**GIVEN MATERIAL**.
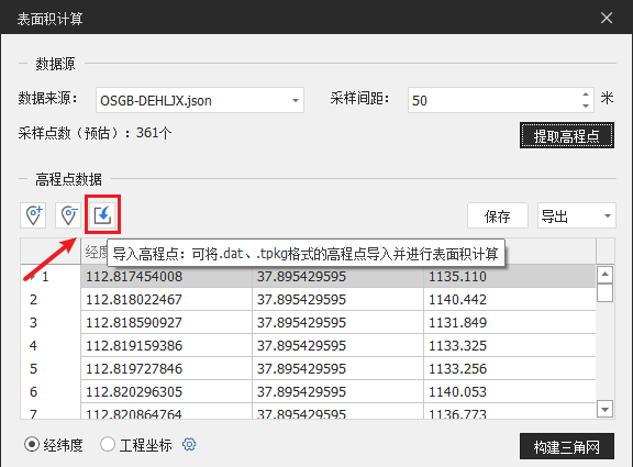 (2)导入高程点:点击,通过导入文件形式导入已有高程点,支持dat、tpkg格式导入。
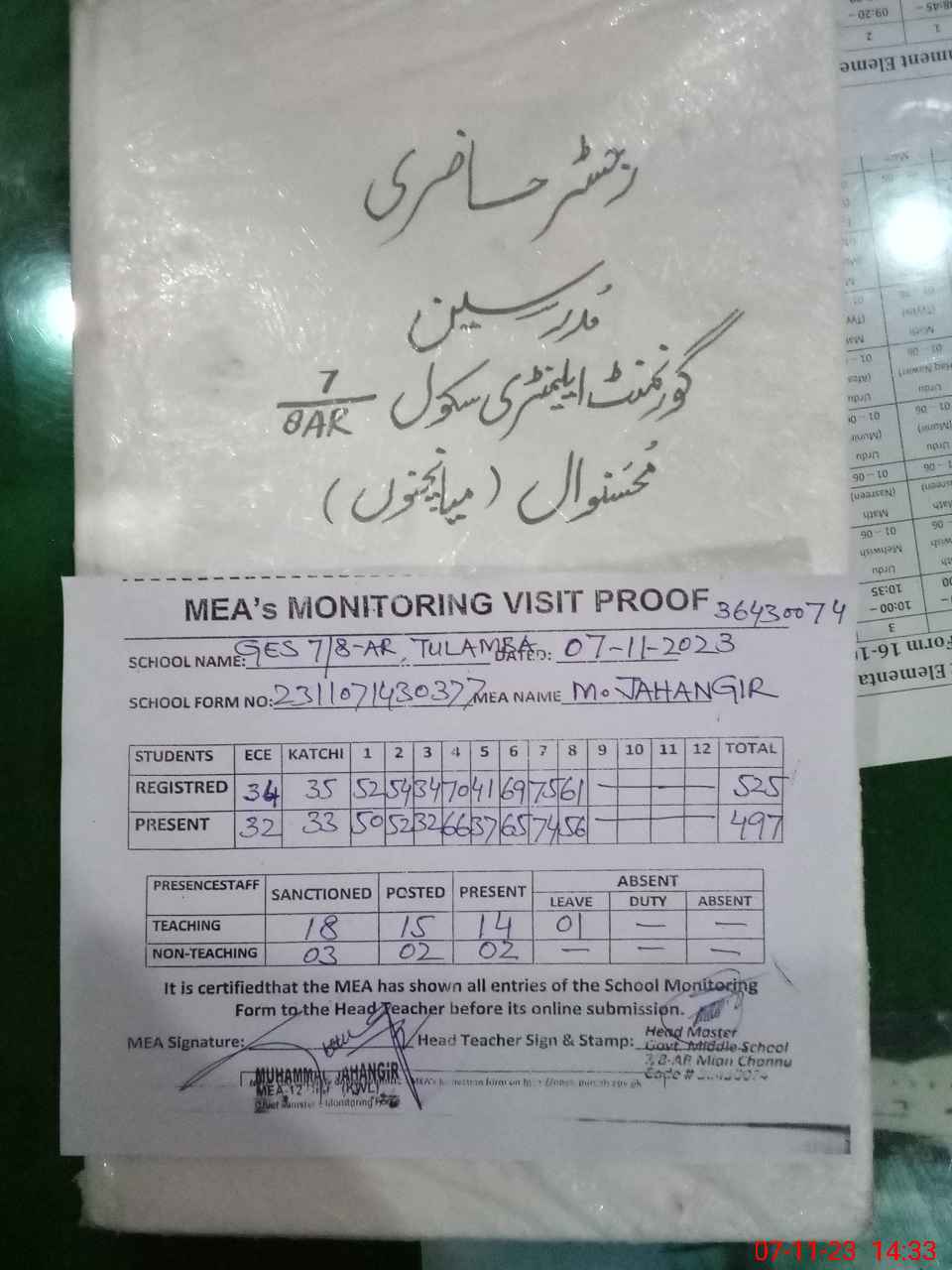 | Attendance Register | Head Teacher | MEA with School | Visit Proof |
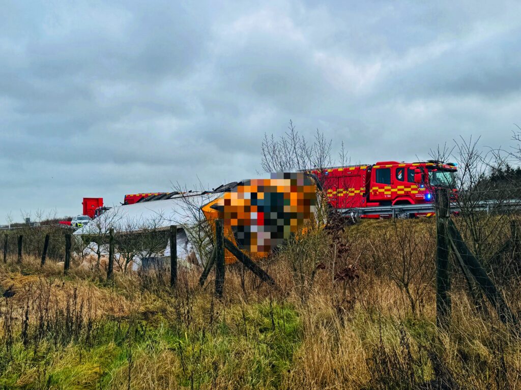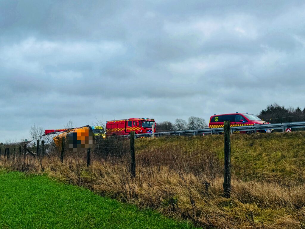 “Vi fik anmeldelsen klokken 12.02 om et solouheld med en lastbil. Føreren, der er en mand, er efterfølgende blevet kørt til kontrol på sygehuset, men der er ingen meldinger om alvorlig tilskadekomst,” siger han til Presse-fotos.dk.

**EXERCISE BRIEF**. Omitting all pictures, retype exactly the lines from the line containing "Visit Proof |" down to the last line above, both ends included.

**RESULT**.
 | Attendance Register | Head Teacher | MEA with School | Visit Proof |
 “Vi fik anmeldelsen klokken 12.02 om et solouheld med en lastbil. Føreren, der er en mand, er efterfølgende blevet kørt til kontrol på sygehuset, men der er ingen meldinger om alvorlig tilskadekomst,” siger han til Presse-fotos.dk.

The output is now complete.